Scala is a hybrid functional/imperative object/actor language for the Java Virtual Machine which has recently gained notoriety by Twitter selecting it as the basis of their future development. My language Reia is also a hybrid functional/imperative object/actor language. You may think given these similarities I would like Scala... but I don't.
I originally tried Scala back in 2007, shortly after I started becoming proficient in Erlang. I was extremely interested in the actor model at the time, and Scala provides an actor model implementation. Aside from Erlang, it was one of the only languages besides Scheme and Io I had discovered which had attempted an actor model implementation, and Scala's actor support seemed heavily influenced by Erlang (even at the syntactic level). I was initially excited about Scala but slowly grew discontented with it.

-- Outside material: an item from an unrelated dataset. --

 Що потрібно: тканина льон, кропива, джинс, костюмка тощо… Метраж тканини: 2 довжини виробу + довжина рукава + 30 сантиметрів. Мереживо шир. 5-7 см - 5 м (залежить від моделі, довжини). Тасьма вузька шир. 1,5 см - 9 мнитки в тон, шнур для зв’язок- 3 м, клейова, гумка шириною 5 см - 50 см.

At first I enjoyed being able to use objects within the sequential portions of my code and actors for the concurrent parts. This is an idea I would carry over into Ruby with
Revactor library, an actor model implementation I created for Ruby 1.9. Revactor let you write sequential code using normal Ruby objects, while using actors for concurrency. Like Scala, Revactor was heavily influenced by Erlang, to the point that I had created an API almost virtually identical translation of Erlang's actor API to Ruby as
MenTaLguY had in his actor library called
Omnibus. MenTaLguY is perhaps the most concurrency-aware Ruby developer I have ever met, so I felt I may be on to something.
However, rather quickly I discovered something about using actors and objects in the same program: there was considerable overlap in what actors and objects do. More and more I found myself trying to reinvent objects with actors. I also began to realize that Scala was running into this problem as well. There were some particularly egregious cases. What follows is the most insidious one.
The WTF Operator
One of the most common patterns in actor-based programs is the Remote Procedure Call or RPC. As the actor protocol is asynchronous, RPCs provide synchronous calls in the form of two asynchronous messages, a request and a response.

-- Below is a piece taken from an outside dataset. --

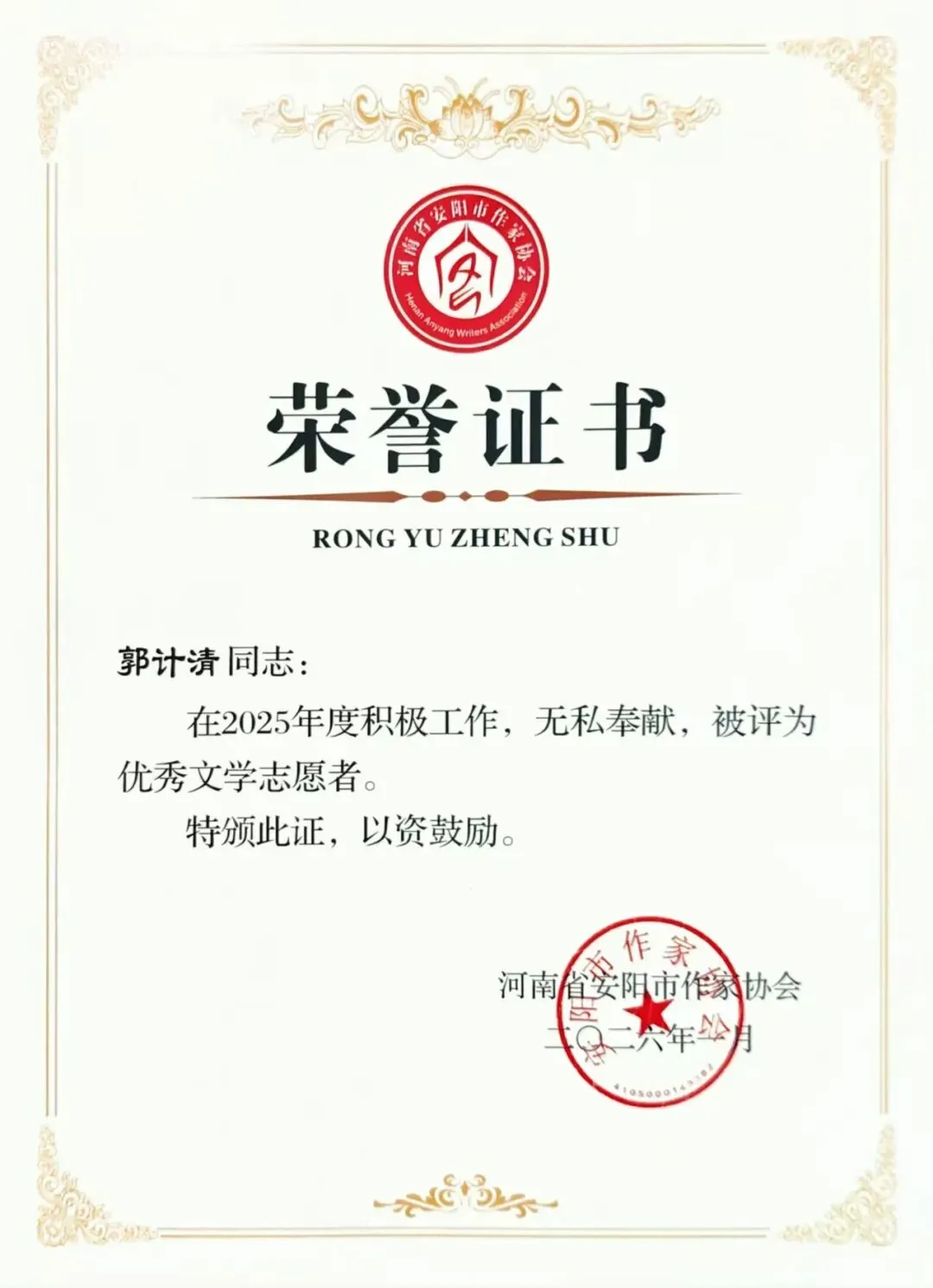 “优秀文学志愿者” 这一荣誉,不仅是对郭计清个人的认可,更是对河南兴瑞公司文化公益理念的高度肯定。正如真正的文艺志愿服务所倡导的,其核心要义在于以文艺专长为桥梁,主动、无偿地投身公益服务,用文字的力量传递温暖、凝聚人心。郭计清在工作之余,始终热心文学公益事业,积极参与各类文学志愿服务活动,或走进基层分享创作心得,或为文学新人答疑解惑,用笔墨为兴瑞发声,以行动为文化赋能,其坚守与付出正是优秀文学志愿者精神的生动写照。这份荣誉的背后,是个人对文学的赤诚热爱,更是企业对文化公益的大力支持,彰显了河南兴瑞 “以人为本、文化育人” 的发展理念。

RPCs are extremely prevalent in actor-based programming, to the point that
Joe Armstrong, creator of Erlang, says:
95% of the time standard synchronous RPCs will work - but not all the
time, that's why it's nice to be able to open up things and muck around at the
message passing level.
Seeing RPCs as exceedingly common, the creators of Scala created an operator for it: "
!?"WTF?! While it's easy to poke fun at an operator that resembles an interrobang, the duplicated semantics of this operator are what I dislike. To illustrate the point, let me show you some Scala code:
response = receiver !? requestand the equivalent code in Reia:
response = receiver.request()Reia can use the standard method invocation syntax because in Reia, all objects are actors. Scala takes an "everything is an object" approach, with actors being an additional entity which duplicates some, but not all, of the functions of objects. In Scala, actors are objects, whereas in Reia objects are actors.

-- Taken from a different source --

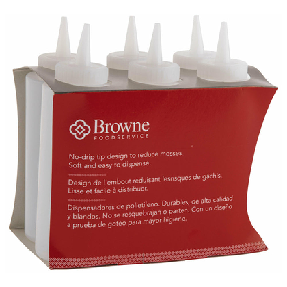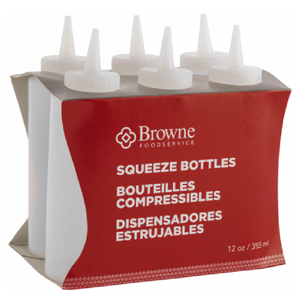 The Browne Foodservice 57801200 Squeeze Bottle 12 Oz. Dressing is a versatile and practical solution for various foodservice needs, offering precise control and convenience. Each set contains six 12 oz. squeeze bottles, crafted from durable polyethylene, ensuring reliability and longevity in busy kitchen environments. These clear bottles are designed with a no-drip tip, which minimizes waste and maintains cleanliness, making them ideal for dispensing dressings, sauces, and condiments efficiently. The squeeze bottle's transparent material allows for easy identification of contents and monitoring of quantity, enhancing operational efficiency. Its compact size makes it suitable for both front-of-house and back-of-house applications, catering to different segment markets such as restaurants, cafes, and catering services. The cash & carry packaging adds an extra layer of convenience, allowing for immediate stocking and usage. The Browne Foodservice Squeeze Bottle combines practicality with functionality, ensuring that it meets the demands of professional kitchens while enhancing the food preparation and service experience. Its user-friendly design and high-quality construction make it an essential tool for any foodservice establishment looking to optimize their condiment and dressing dispensing processes.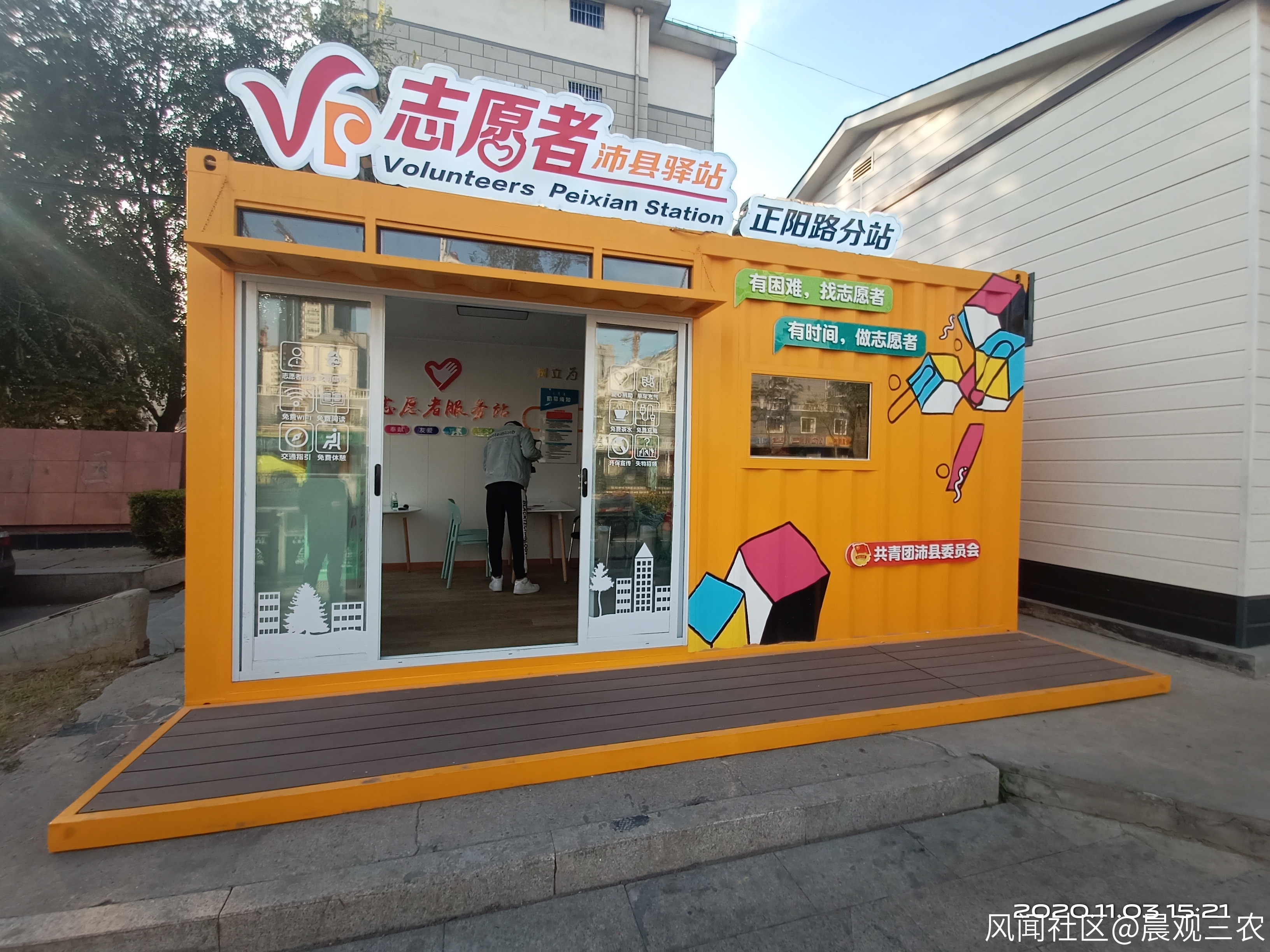 在正陽路鼓樓小區東門外,有一間黃色的小房子,醒目的橘黃色,“有困難找志願者,有時間做志願者”幾個字讓人悦目,落地式玻璃窗上“免費茶水、免費打氣、免費充電、提供雨傘、輪椅應急服務”等十幾項服務項目,圖文並茂,一目瞭然。

Scala's object model borrows heavily from Java, which is in turn largely inspired by C++. In this model, objects are effectively just states, and method calls (a.k.a. "sending a message to an object") are little more than function calls which act upon and mutate those states.
Scala also implements the actor model, which is in turn inspired by Smalltalk and its messaging-based approach to object orientation. The result is a language which straddles two worlds: objects acted upon by function calls, and actors which are acted upon by messages.
Furthermore, Scala's actors fall prey
Clojure creator Rich Hickey's concerns about actor-based languages:
It reduces your flexibility in modeling - this is a world in which everyone sits in a windowless room and communicates only by mail. Programs are decomposed as piles of blocking switch statements. You can only handle messages you anticipated receiving. Coordinating activities involving multiple actors is very difficult. You can't observe anything without its cooperation/coordination - making ad-hoc reporting or analysis impossible, instead forcing every actor to participate in each protocol.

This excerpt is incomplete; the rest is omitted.